# DAY 6 : Medallion Architecture

In [0]:
from pyspark.sql import functions as F

# Path to raw file
raw_path = "/Volumes/workspace/ecommerce/ecommerce_data/2019-Oct.csv"

# BRONZE: Raw Ingestion
# We keep all columns, even the ones with nulls
bronze_df = spark.read.csv(raw_path, header=True, inferSchema=True)

# Save to Bronze Table
bronze_df.write.format("delta").mode("overwrite").saveAsTable("workspace.ecommerce.bronze_events")

print("Bronze Layer: Raw data ingested.")

Bronze Layer: Raw data ingested.


In [0]:
# Load from Bronze
bronze_data = spark.read.table("workspace.ecommerce.bronze_events")

# SILVER: Cleaning
# 1. Drop rows with no user_id or product_id
# 2. Convert event_time to actual Timestamp type
# 3. Fill missing category_code with 'Unknown'
silver_df = bronze_data.dropna(subset=["user_id", "product_id"]) \
    .withColumn("event_time", F.to_timestamp("event_time")) \
    .fillna({"category_code": "Unknown", "brand": "Generic"}) \
    .dropDuplicates()

# Save to Silver Table
silver_df.write.format("delta").mode("overwrite").saveAsTable("workspace.ecommerce.silver_events")

print("Silver Layer: Data cleaned and validated.")

Silver Layer: Data cleaned and validated.


In [0]:
# Load from Silver
silver_data = spark.read.table("workspace.ecommerce.silver_events")

# GOLD: Aggregations (e.g., Daily Revenue per Brand)
gold_df = silver_data.filter(F.col("event_type") == "purchase") \
    .groupBy(F.window("event_time", "1 day"), "brand") \
    .agg(
        F.sum("price").alias("daily_revenue"),
        F.count("product_id").alias("total_sales")
    ) \
    .orderBy(F.desc("daily_revenue"))

# Save to Gold Table
gold_df.write.format("delta").mode("overwrite").saveAsTable("workspace.ecommerce.gold_brand_performance")

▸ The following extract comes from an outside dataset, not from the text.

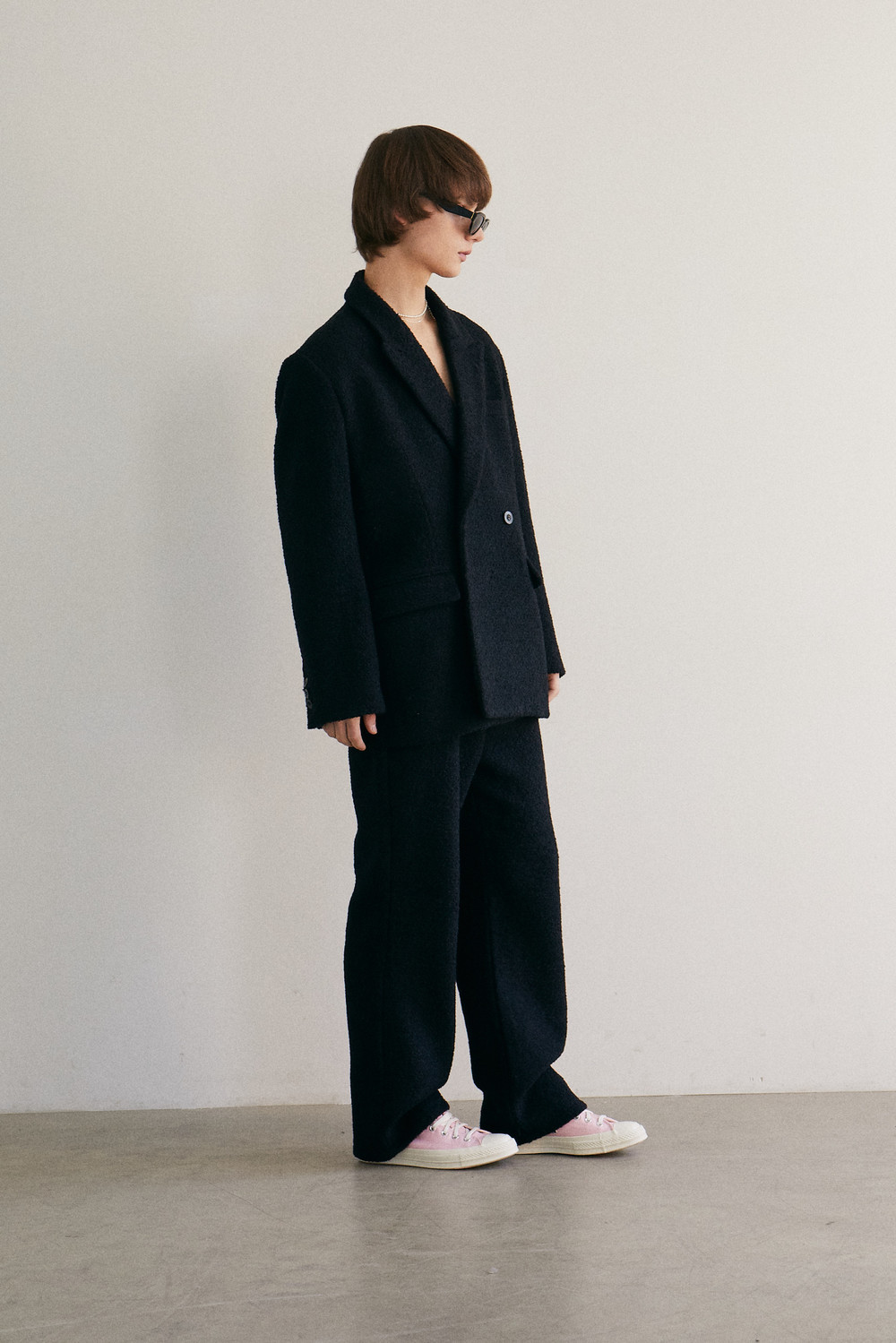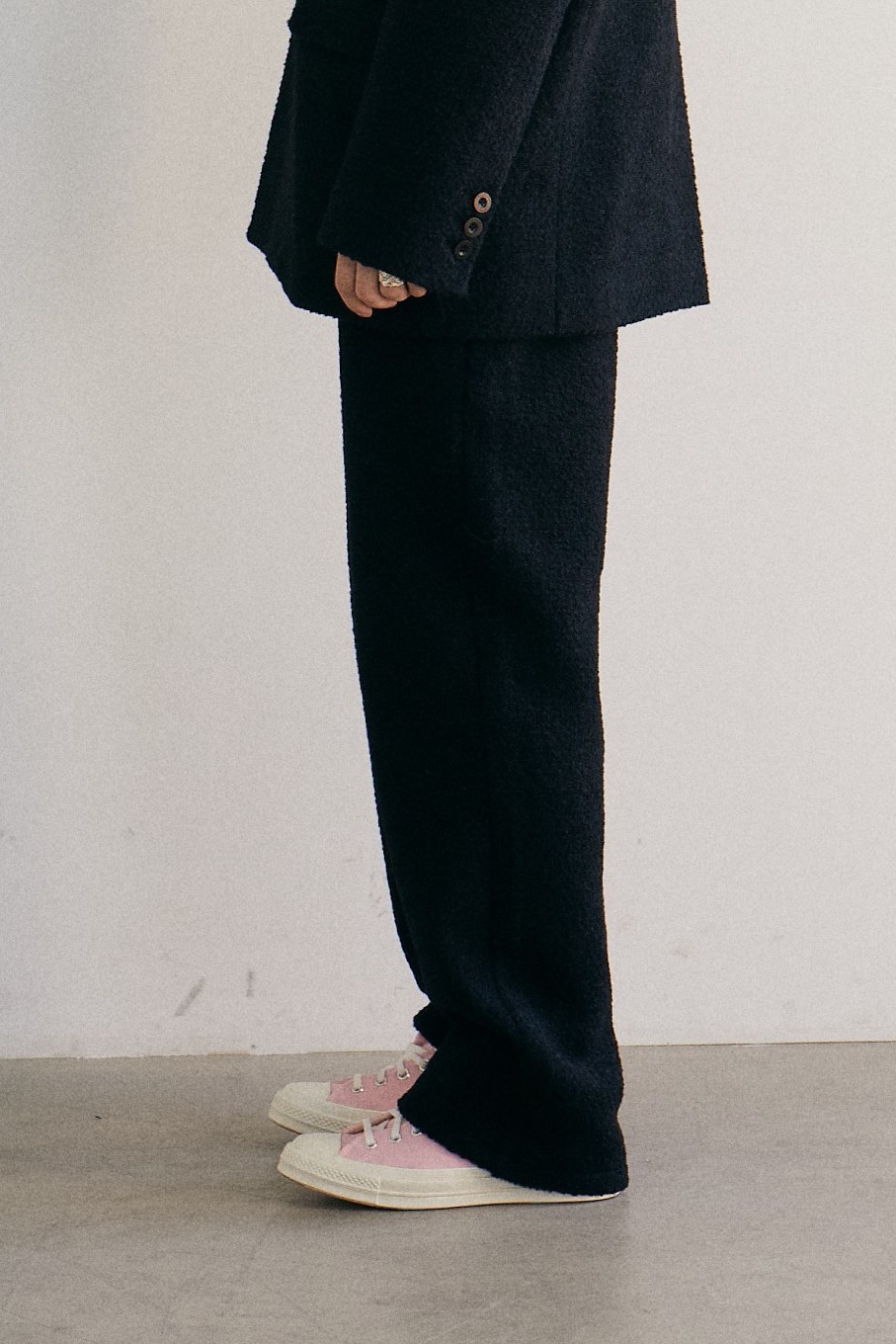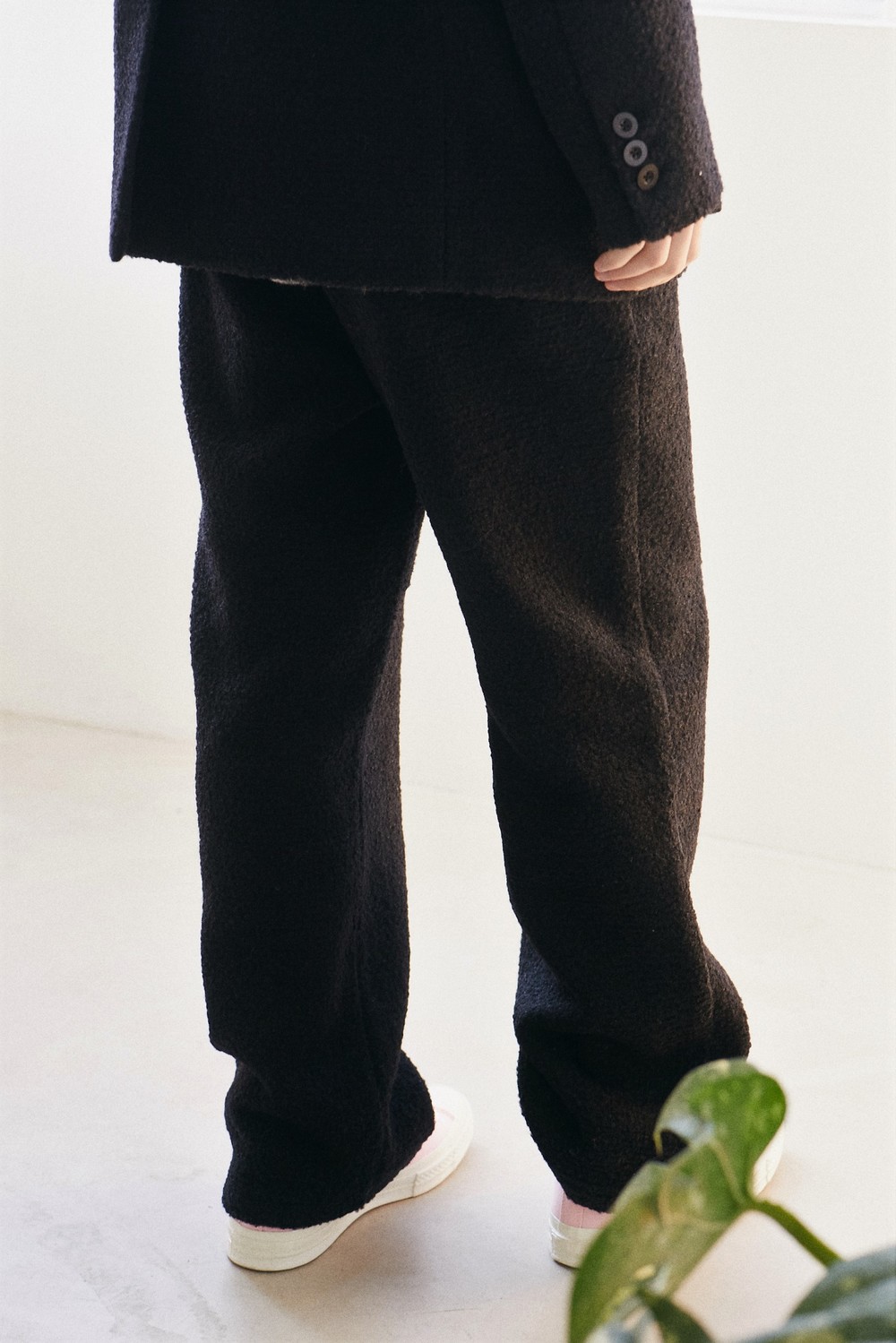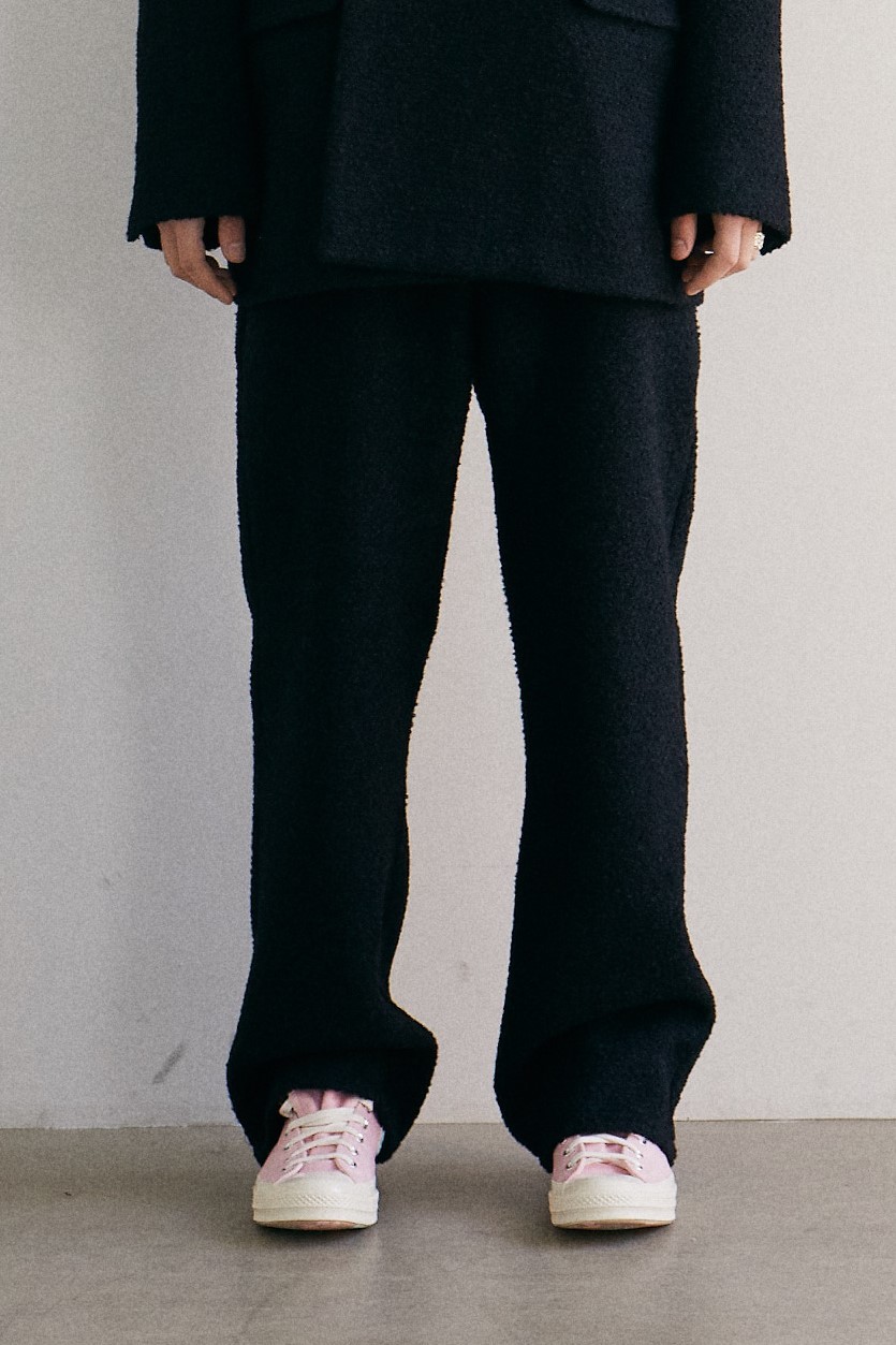 black alpaca tweed band pants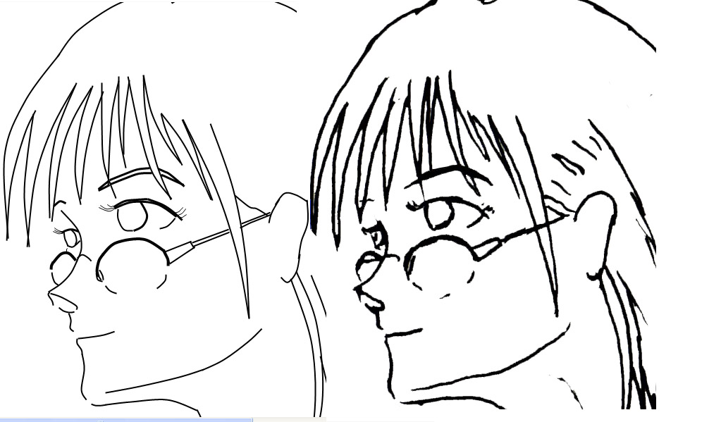 右がスキャン後の絵で左がベジェ曲線使って仕上げした絵。

display(gold_df.limit(10))
print("Gold Layer: Business aggregates built.")

window,brand,daily_revenue,total_sales
"List(2019-10-16T00:00:00.000Z, 2019-10-17T00:00:00.000Z)",apple,4699540.539999997,6268
"List(2019-10-14T00:00:00.000Z, 2019-10-15T00:00:00.000Z)",apple,4693428.49,5940
"List(2019-10-17T00:00:00.000Z, 2019-10-18T00:00:00.000Z)",apple,4499888.089999997,5826
"List(2019-10-15T00:00:00.000Z, 2019-10-16T00:00:00.000Z)",apple,4291395.66,5372
"List(2019-10-04T00:00:00.000Z, 2019-10-05T00:00:00.000Z)",apple,4165188.340000003,5427
"List(2019-10-18T00:00:00.000Z, 2019-10-19T00:00:00.000Z)",apple,3975917.340000001,5039
"List(2019-10-22T00:00:00.000Z, 2019-10-23T00:00:00.000Z)",apple,3967597.370000005,5084
"List(2019-10-21T00:00:00.000Z, 2019-10-22T00:00:00.000Z)",apple,3955075.849999999,5055
"List(2019-10-13T00:00:00.000Z, 2019-10-14T00:00:00.000Z)",apple,3751495.920000002,4779
"List(2019-10-11T00:00:00.000Z, 2019-10-12T00:00:00.000Z)",apple,3679462.900000005,4682


Gold Layer: Business aggregates built.